_WHAT NEEDS TO BE DONE_
Below is a listing with pictures. Repeat exactly the lines starting at the one holding "36㎡(10.88坪) ・合計 100㎡(30.23坪) |" and going on through the one holding "We wrześniu 2022", and leave every picture out.

_DATA TO EXAMINE_
• • •

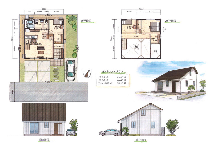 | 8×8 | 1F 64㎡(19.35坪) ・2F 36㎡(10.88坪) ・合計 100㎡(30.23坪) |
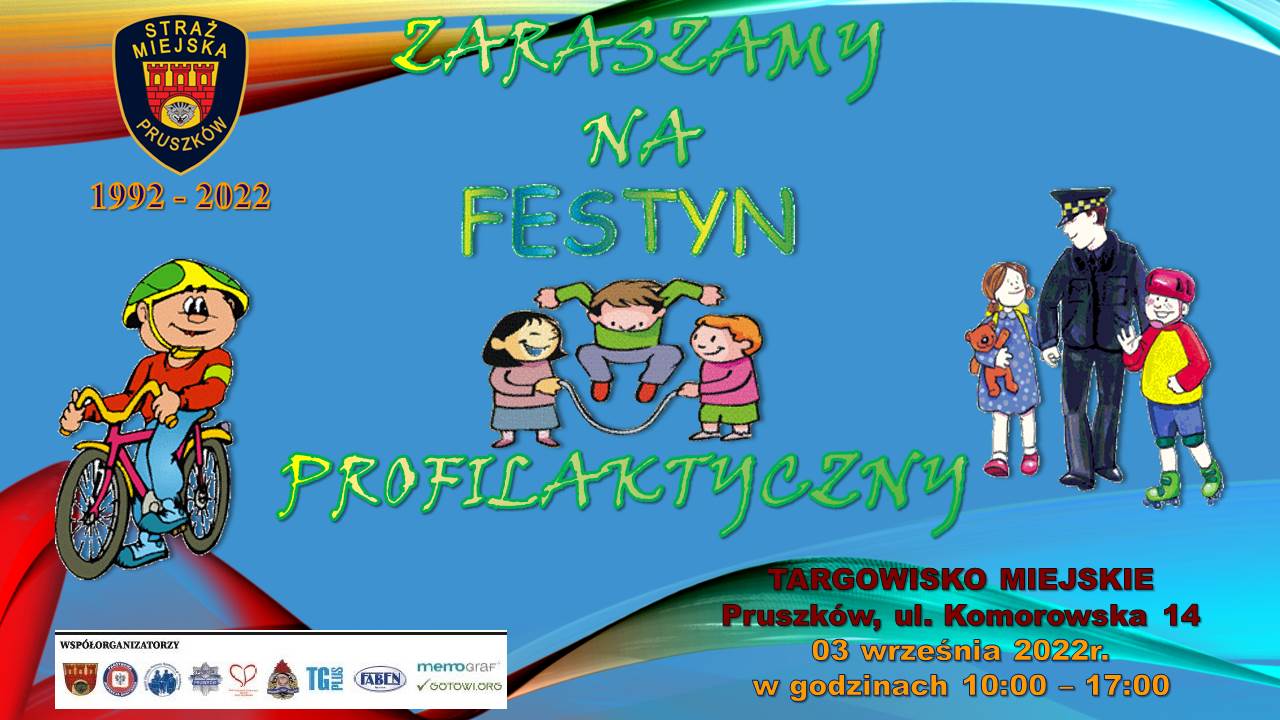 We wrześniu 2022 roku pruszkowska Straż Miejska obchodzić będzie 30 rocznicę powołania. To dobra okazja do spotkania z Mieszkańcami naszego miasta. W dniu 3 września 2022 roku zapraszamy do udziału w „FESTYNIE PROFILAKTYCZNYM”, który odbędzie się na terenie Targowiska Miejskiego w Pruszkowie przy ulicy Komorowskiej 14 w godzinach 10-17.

• • •

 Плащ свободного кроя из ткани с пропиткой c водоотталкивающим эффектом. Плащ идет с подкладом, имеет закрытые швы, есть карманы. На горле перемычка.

• • •

_ANSWER_
 | 8×8 | 1F 64㎡(19.35坪) ・2F 36㎡(10.88坪) ・合計 100㎡(30.23坪) |
 We wrześniu 2022 roku pruszkowska Straż Miejska obchodzić będzie 30 rocznicę powołania. To dobra okazja do spotkania z Mieszkańcami naszego miasta. W dniu 3 września 2022 roku zapraszamy do udziału w „FESTYNIE PROFILAKTYCZNYM”, który odbędzie się na terenie Targowiska Miejskiego w Pruszkowie przy ulicy Komorowskiej 14 w godzinach 10-17.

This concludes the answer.